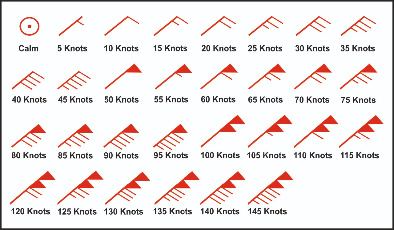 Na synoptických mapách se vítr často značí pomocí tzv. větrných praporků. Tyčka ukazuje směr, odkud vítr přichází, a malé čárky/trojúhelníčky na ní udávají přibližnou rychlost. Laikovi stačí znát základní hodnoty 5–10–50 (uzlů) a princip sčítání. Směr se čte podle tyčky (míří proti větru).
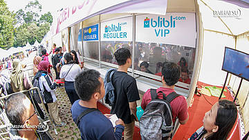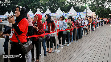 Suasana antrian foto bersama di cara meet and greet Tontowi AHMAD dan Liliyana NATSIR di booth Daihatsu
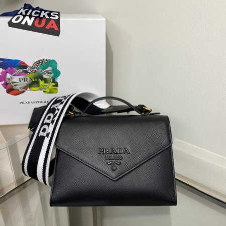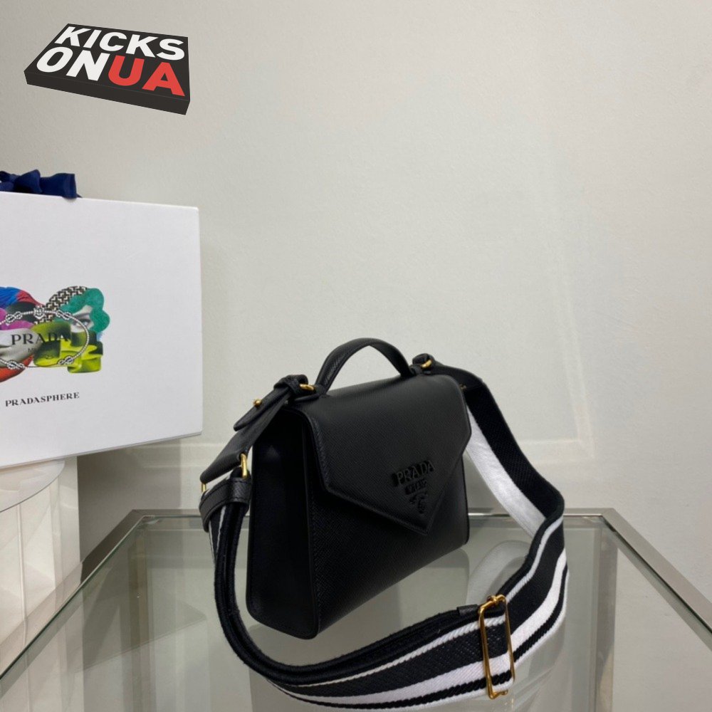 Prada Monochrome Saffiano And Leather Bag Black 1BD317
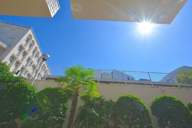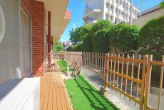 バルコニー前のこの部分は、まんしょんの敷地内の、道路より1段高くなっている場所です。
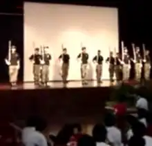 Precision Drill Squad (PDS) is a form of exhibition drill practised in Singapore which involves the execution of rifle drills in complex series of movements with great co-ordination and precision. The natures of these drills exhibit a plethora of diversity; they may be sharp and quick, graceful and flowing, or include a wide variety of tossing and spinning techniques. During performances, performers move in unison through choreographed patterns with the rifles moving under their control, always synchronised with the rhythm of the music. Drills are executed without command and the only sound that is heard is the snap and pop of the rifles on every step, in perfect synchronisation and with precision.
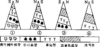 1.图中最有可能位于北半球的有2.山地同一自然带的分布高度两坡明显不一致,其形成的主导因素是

* Task brief: Drop the images and quote the entries word for word.

* Answer section:
 Na synoptických mapách se vítr často značí pomocí tzv. větrných praporků. Tyčka ukazuje směr, odkud vítr přichází, a malé čárky/trojúhelníčky na ní udávají přibližnou rychlost. Laikovi stačí znát základní hodnoty 5–10–50 (uzlů) a princip sčítání. Směr se čte podle tyčky (míří proti větru).
 Suasana antrian foto bersama di cara meet and greet Tontowi AHMAD dan Liliyana NATSIR di booth Daihatsu
 Prada Monochrome Saffiano And Leather Bag Black 1BD317
 バルコニー前のこの部分は、まんしょんの敷地内の、道路より1段高くなっている場所です。
 Precision Drill Squad (PDS) is a form of exhibition drill practised in Singapore which involves the execution of rifle drills in complex series of movements with great co-ordination and precision. The natures of these drills exhibit a plethora of diversity; they may be sharp and quick, graceful and flowing, or include a wide variety of tossing and spinning techniques. During performances, performers move in unison through choreographed patterns with the rifles moving under their control, always synchronised with the rhythm of the music. Drills are executed without command and the only sound that is heard is the snap and pop of the rifles on every step, in perfect synchronisation and with precision.
 1.图中最有可能位于北半球的有2.山地同一自然带的分布高度两坡明显不一致,其形成的主导因素是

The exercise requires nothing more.